The article is well done and gives a thorough overview of the current response to the severely mental ill (“SMI”) during crisis. The article describes three main areas to focus on: 1) advanced directives for mental health, 2) identification system for SMI clients, 3) response to a SMI crisis and transportation for stabilization.

The current approach is to patch a government system that is underfunded and inappropriate for these services. Let’s think about this. If you were at an inpatient psychiatric facility and had a crisis, who would you want to respond to assist you? Probably not the police even if they had specific training. Probably not a paramedic largely untrained in mental health and if so, probably little more than the police. I would hope that it would be a skilled mental health responder. In fact, if I had a twin and we both suffered from SMI and my twin was having a SMI crisis, the last thing I would do would be to call the police or an ambulance. Why? I would not want them treated like they are responsible and everybody responding is more concerned about protecting themselves instead of ensuring the safety of my twin. If I call an ambulance, the ambulance by protocol must call the police. If I call government mental health, they also will call the police and ambulance.

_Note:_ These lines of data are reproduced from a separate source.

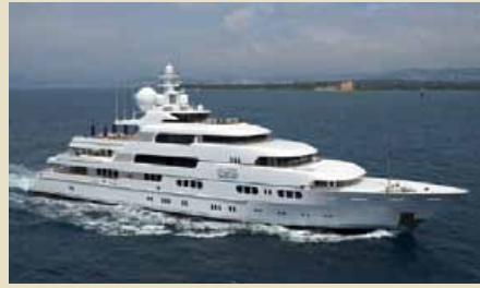
TITANIA 72.00 m 12/21 West Mediterranean 600,000 €/550,000 €/week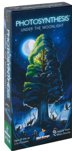
Photosynthesis: Under the Moonlight

Beyond the capabilities of the original Photosynthesis game, the expansion enables players to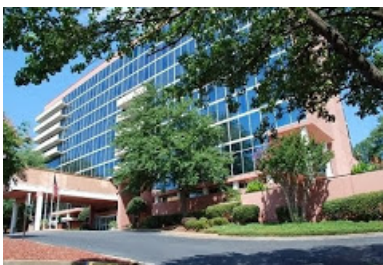
Radisson Hotel Atlanta NW 1775 Parkway Place SE, Marietta, GA, 30067 (Less than a mile from conference venue)

Special hotel discounted rates (at least for two hotels) will be secured for DCA 2020 registered participants at a later date. Tentative 2020 DCA Conference Hotel Options will be Hilton, Radisson, and Marriott (Renaissance Waverly), all within 1 to 6 miles from conference venue. Free shuttle services from conference hotel to conference venue will be provided at scheduled times. Please visit conference website at www.dcaconference2020.org for updated information on hotel options.

When the response turns to protecting others before the patient with SMI is protected, that is an inappropriate response before it starts. A threefold response team of police, mental health and paramedic has good intentions, but does not fill the role. Guess what? Even these well intentioned systems collapse upon any mention of violent or aggressive behavior by the SMI client. Only the police respond to these incidents.

Here in the United States, when the police, fire and ems respond to a 911 call, the type of emergency determines who is in charge. If it is a fire, the Fire Department is in Charge, If it is a medical, EMS is in Charge, if it is a crime scene, the Police are in Charge. Why then(?) are the police in charge during a SMI crisis even if the person is violent or aggressive. Is everyone with mental health problems so undesirable they are a criminal until proven otherwise?

Our Country has quickly adapted to substance abuse overdoses by making narcan widely available to police, fire, ems and the at risk public. Why then, can’t we do the same for SMI crisis? We have begun they decriminalization of substance abuse, but not mental health reform. We are way behind!

Our Country periodically goes through reform. Today, that is mental health and criminal justice reform. If we only ate beans and the beans became infested, we might be quick to destroy all of the bean plants, leaving people starving until it reaches our own doorstep. Our Country needs a structural change in the approach to mental health and criminal justice. I believe, once identified, a behavioral health system is more humanely qualified to service both ends of the spectrum.

Behavioral Health can serve both mentally ill and criminally deviant clients. Today, although understaffed and well underfunded our jails and prisons utilize mental health to treat mental illness and cognitive behavioral therapy for the offender. They also provide evaluations to courts and parole boards. It is time to expand the scope of behavioral health and refocus the scope of law enforcement.

Modern neuroscience and psychology have embrace both mental illness and criminally deviant clients. The quality, efficiency and effectiveness of our institutions depend on the expansion of both the educational infrastructure for behavioral health and the career opportunities in behavioral health.

My proposal is to: 1) expand the educational infrastructure for behavioral health, 2) develop a blue collar behavioral health technician program to provide emergent and urgent intervention and prevention through education and coaching to promote healing, 3) develop a confidential awareness and support system that provides ongoing contact with “at risk” persons to prevent and / or provide early intervention when necessary, 4) base mental health systems around school districts.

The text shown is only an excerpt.